Provided information
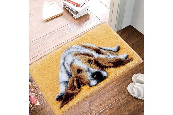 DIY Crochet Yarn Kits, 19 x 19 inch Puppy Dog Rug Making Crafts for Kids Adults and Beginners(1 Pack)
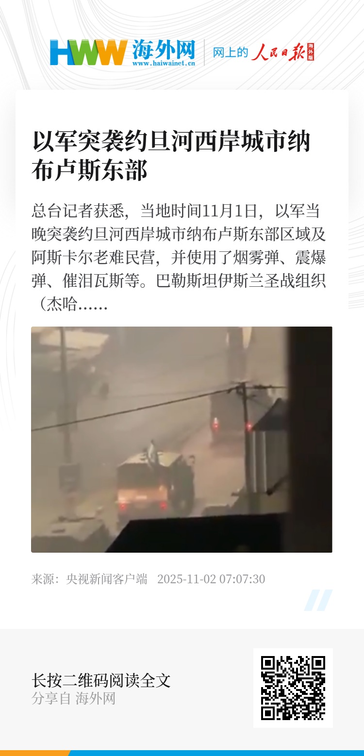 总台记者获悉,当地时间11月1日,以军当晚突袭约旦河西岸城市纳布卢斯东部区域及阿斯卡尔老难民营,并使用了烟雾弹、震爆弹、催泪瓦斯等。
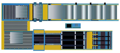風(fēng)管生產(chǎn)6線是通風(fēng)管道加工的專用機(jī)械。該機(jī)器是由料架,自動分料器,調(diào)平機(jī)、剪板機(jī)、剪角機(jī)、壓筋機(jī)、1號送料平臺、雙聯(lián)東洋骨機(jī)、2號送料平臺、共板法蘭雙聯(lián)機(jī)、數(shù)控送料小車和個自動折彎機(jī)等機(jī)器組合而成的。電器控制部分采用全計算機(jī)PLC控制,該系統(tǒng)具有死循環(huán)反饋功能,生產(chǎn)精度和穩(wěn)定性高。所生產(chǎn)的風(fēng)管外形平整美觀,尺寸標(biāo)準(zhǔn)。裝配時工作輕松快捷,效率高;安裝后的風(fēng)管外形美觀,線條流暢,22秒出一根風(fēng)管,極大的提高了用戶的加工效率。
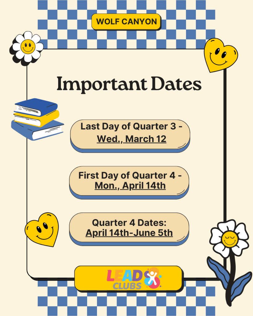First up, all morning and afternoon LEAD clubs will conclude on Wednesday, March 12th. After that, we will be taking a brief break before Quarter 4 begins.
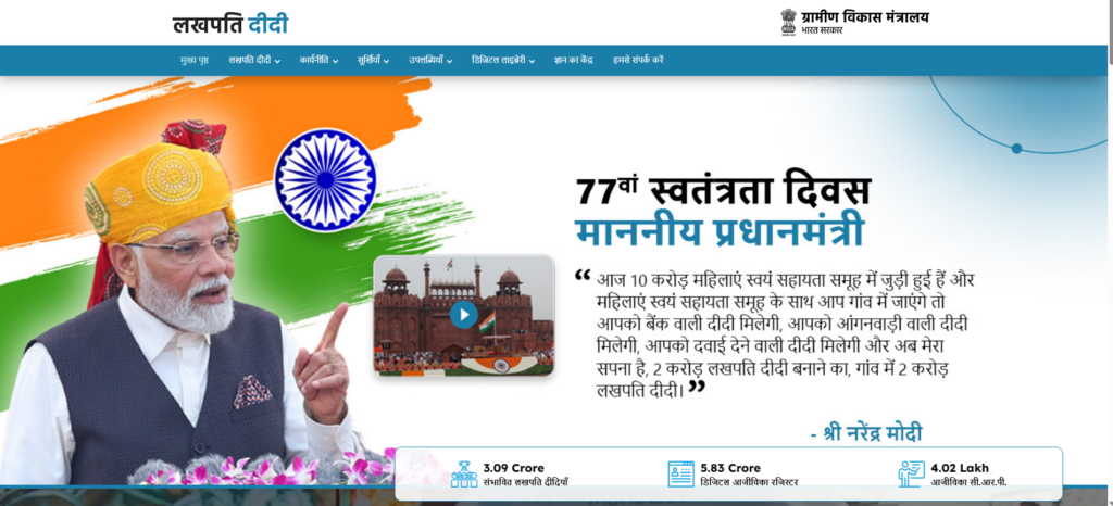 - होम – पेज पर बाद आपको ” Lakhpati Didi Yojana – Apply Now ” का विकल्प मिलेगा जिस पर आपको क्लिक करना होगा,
--
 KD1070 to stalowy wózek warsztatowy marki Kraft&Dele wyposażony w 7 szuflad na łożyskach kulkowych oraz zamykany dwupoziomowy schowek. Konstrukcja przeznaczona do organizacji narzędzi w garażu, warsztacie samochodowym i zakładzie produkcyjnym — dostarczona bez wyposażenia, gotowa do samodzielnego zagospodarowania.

What is being asked
Return the lines above from the one with "总台记者获悉,当地时间11月" through the one with "- होम – पेज पर", verbatim and nothing else. Omit every picture.

Problem solution
 总台记者获悉,当地时间11月1日,以军当晚突袭约旦河西岸城市纳布卢斯东部区域及阿斯卡尔老难民营,并使用了烟雾弹、震爆弹、催泪瓦斯等。
風(fēng)管生產(chǎn)6線是通風(fēng)管道加工的專用機(jī)械。該機(jī)器是由料架,自動分料器,調(diào)平機(jī)、剪板機(jī)、剪角機(jī)、壓筋機(jī)、1號送料平臺、雙聯(lián)東洋骨機(jī)、2號送料平臺、共板法蘭雙聯(lián)機(jī)、數(shù)控送料小車和個自動折彎機(jī)等機(jī)器組合而成的。電器控制部分采用全計算機(jī)PLC控制,該系統(tǒng)具有死循環(huán)反饋功能,生產(chǎn)精度和穩(wěn)定性高。所生產(chǎn)的風(fēng)管外形平整美觀,尺寸標(biāo)準(zhǔn)。裝配時工作輕松快捷,效率高;安裝后的風(fēng)管外形美觀,線條流暢,22秒出一根風(fēng)管,極大的提高了用戶的加工效率。
First up, all morning and afternoon LEAD clubs will conclude on Wednesday, March 12th. After that, we will be taking a brief break before Quarter 4 begins.
 - होम – पेज पर बाद आपको ” Lakhpati Didi Yojana – Apply Now ” का विकल्प मिलेगा जिस पर आपको क्लिक करना होगा,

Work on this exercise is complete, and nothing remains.